= Exercise aim =
Using the records below, write out only the lines from the line containing "You'll also hear" up to and including the line containing "4 peças de brinquedos", exactly, with no pictures.

= Records for the task =
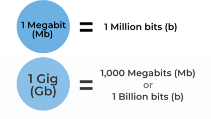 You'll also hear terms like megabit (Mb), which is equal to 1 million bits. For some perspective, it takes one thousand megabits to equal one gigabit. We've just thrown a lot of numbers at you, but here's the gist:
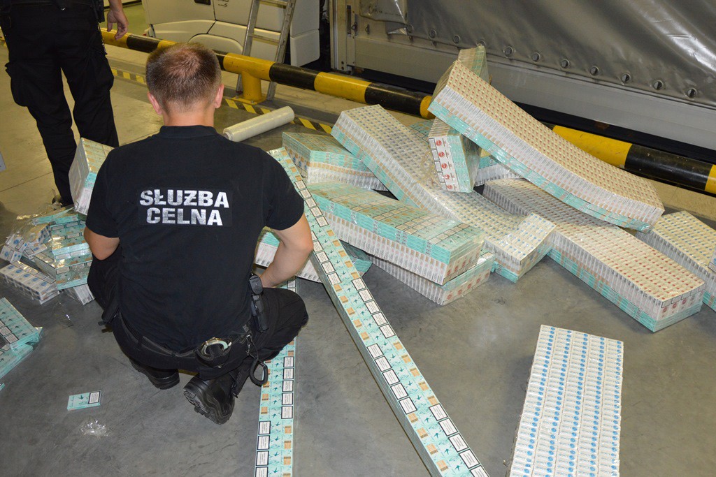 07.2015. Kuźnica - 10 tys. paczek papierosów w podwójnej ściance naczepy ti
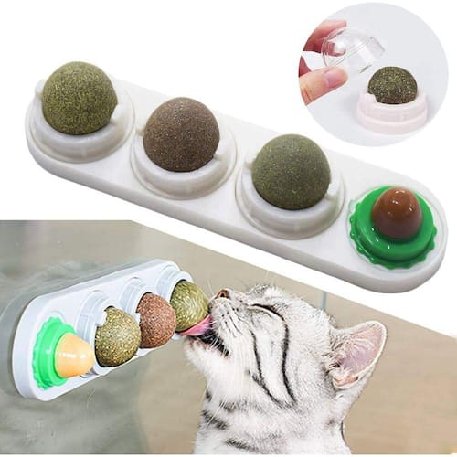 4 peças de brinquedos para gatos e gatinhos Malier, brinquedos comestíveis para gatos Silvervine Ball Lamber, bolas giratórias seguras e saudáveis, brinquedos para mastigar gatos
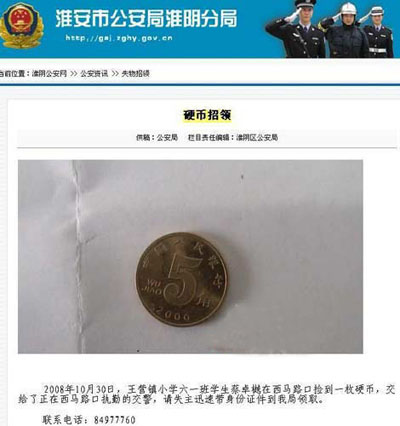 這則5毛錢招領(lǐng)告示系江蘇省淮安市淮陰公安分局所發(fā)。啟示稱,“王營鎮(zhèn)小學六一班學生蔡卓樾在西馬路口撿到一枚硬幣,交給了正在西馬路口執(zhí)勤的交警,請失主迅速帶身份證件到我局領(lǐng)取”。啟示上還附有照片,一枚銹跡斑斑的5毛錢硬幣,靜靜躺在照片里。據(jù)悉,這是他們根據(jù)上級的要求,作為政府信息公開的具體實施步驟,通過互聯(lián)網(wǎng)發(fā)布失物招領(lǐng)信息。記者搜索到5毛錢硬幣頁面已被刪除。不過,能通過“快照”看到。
...
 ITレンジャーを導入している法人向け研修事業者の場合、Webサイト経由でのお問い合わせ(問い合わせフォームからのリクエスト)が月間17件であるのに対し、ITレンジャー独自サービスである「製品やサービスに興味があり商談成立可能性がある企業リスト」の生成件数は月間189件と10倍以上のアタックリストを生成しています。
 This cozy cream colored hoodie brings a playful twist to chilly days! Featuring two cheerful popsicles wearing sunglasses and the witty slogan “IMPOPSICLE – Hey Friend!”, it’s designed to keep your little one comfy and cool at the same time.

= Written response =
 You'll also hear terms like megabit (Mb), which is equal to 1 million bits. For some perspective, it takes one thousand megabits to equal one gigabit. We've just thrown a lot of numbers at you, but here's the gist:
 07.2015. Kuźnica - 10 tys. paczek papierosów w podwójnej ściance naczepy ti
 4 peças de brinquedos para gatos e gatinhos Malier, brinquedos comestíveis para gatos Silvervine Ball Lamber, bolas giratórias seguras e saudáveis, brinquedos para mastigar gatos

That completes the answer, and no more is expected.